Ганс кивнул и отправился своей дорогой, надеясь, что Красные и Магистратор не обрушат свою ярость из-за гибели Окка на голову несчастной женщины. Она вспылила из-за какой-то дурацкой ссоры и в результате потеряла своего мужчину, здоровье и свободу в придачу — по крайней мере, на какое-то время.
Ганс уже отошел от ворот на изрядное расстояние и брел по Привратной улице, как вдруг его поразила неожиданная мысль. Он бегом помчался домой и взбежал на второй этаж, перескакивая через три ступеньки. Коты сидели по углам. Нотабль собрался уже наброситься на пришельца, но остановился в последний миг, увидев, что не кто иной, как его собственный хозяин ворвался в комнату и схватил кожаный мешок.
В мешке было шесть серебряных монет. Желудок Ганса завязался узлом, по спине побежали мурашки, а лоб мгновенно взмок. Но тут Ганс вспомнил, что переложил одну монету в свой кошелек. Он раскрыл кошелек. Империал лежал там.
На следующее утро в мешке по-прежнему звенели семь монет.

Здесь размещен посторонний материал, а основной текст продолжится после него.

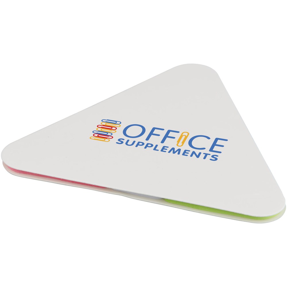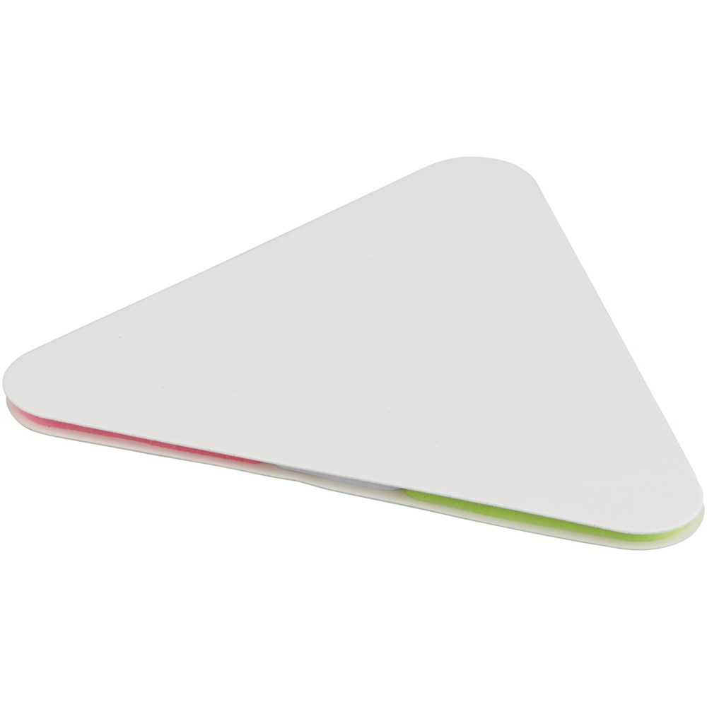 Dreieckiger Haftnotizblock mit mehrfarbigen Haftnotizzetteln in Weiß und drei verschiedenen Farben. mehr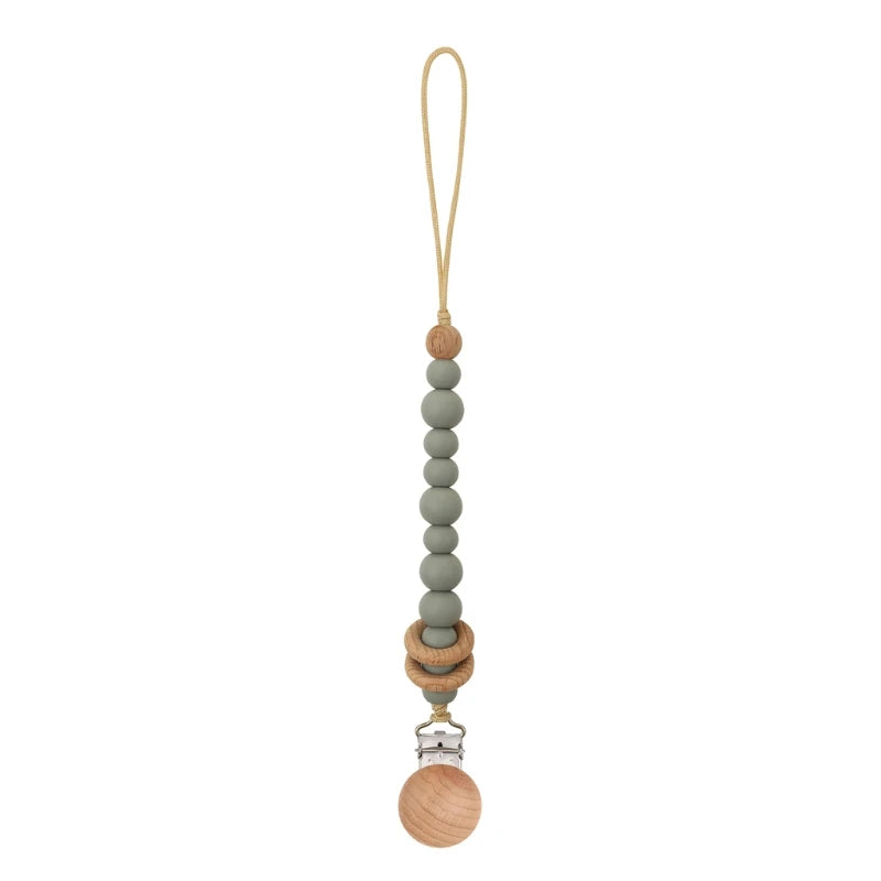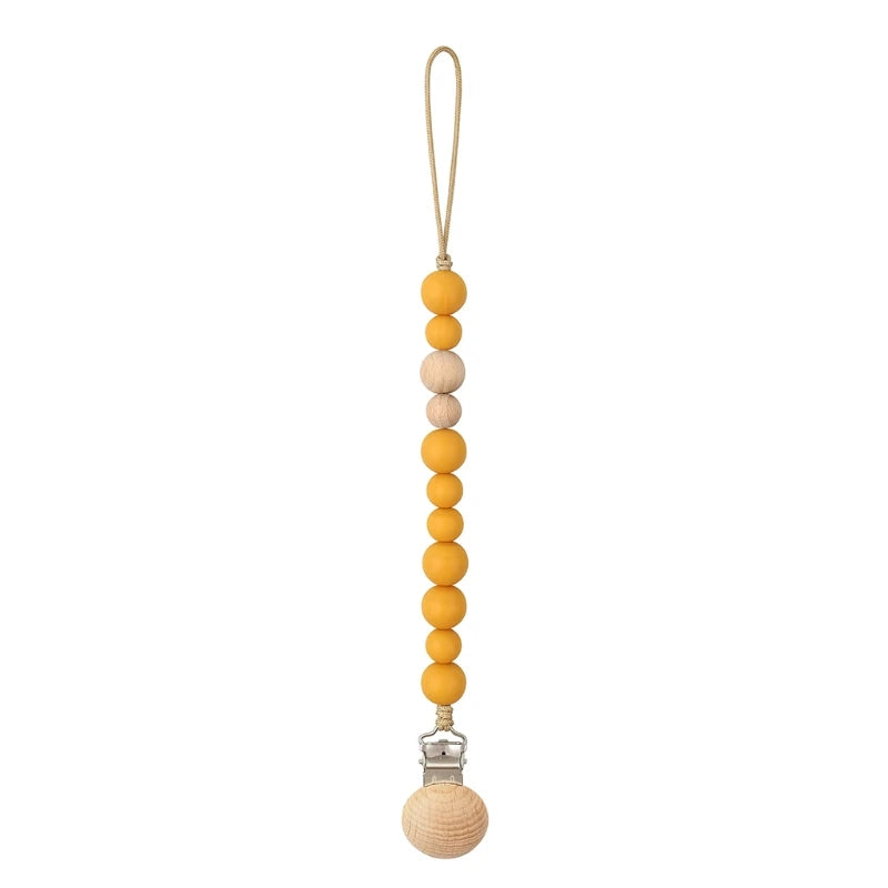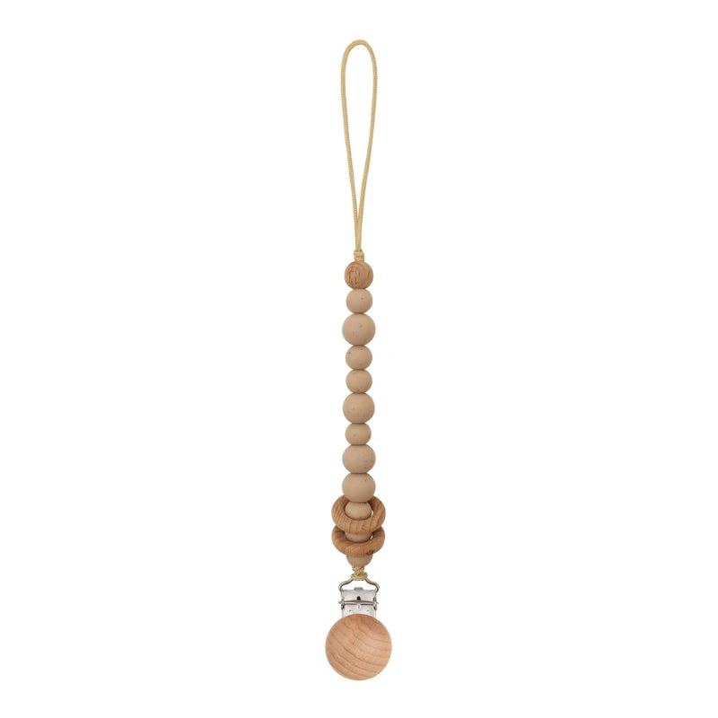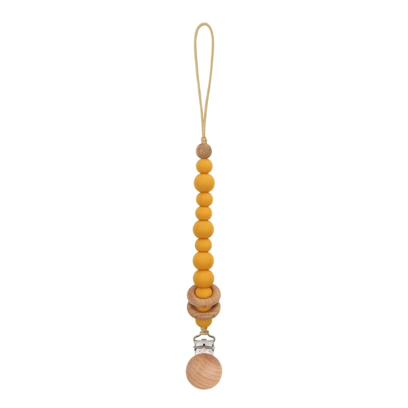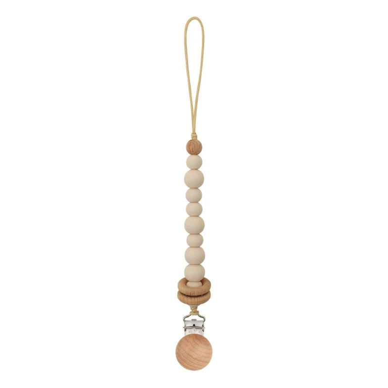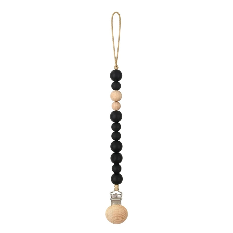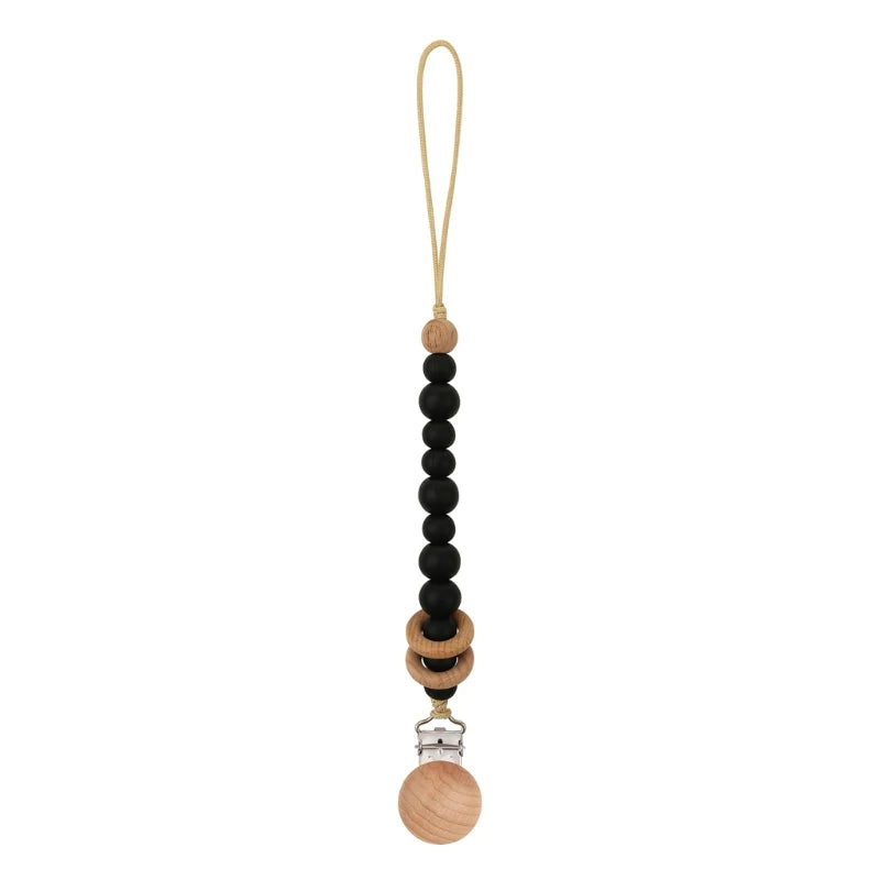 The silicone beads offer tactile stimulation and relief for teething babies, while the wooden ring provides a safe and natural teething option. The pacifier chain ensures that the pacifier stays within reach, preventing it from getting lost or dropped.

— Даже не знаю, радоваться мне или горевать, — признался Ганс. Мигнариал сжимала его руку. Они стояли, глядя на серебряные монеты, рассыпанные по постели. Ганс осторожно высвободил руку, обнял Мигнариал и прижал девушку к себе. — Теперь мы знаем, что не все страшные смерти в городе имеют отношение к этим монетам. Быть может, монеты вообще никак не связаны со мной — ведь я был совсем рядом с этими двумя, а все монеты на месте. С другой стороны, они могут быть как-то связаны с нами обоими…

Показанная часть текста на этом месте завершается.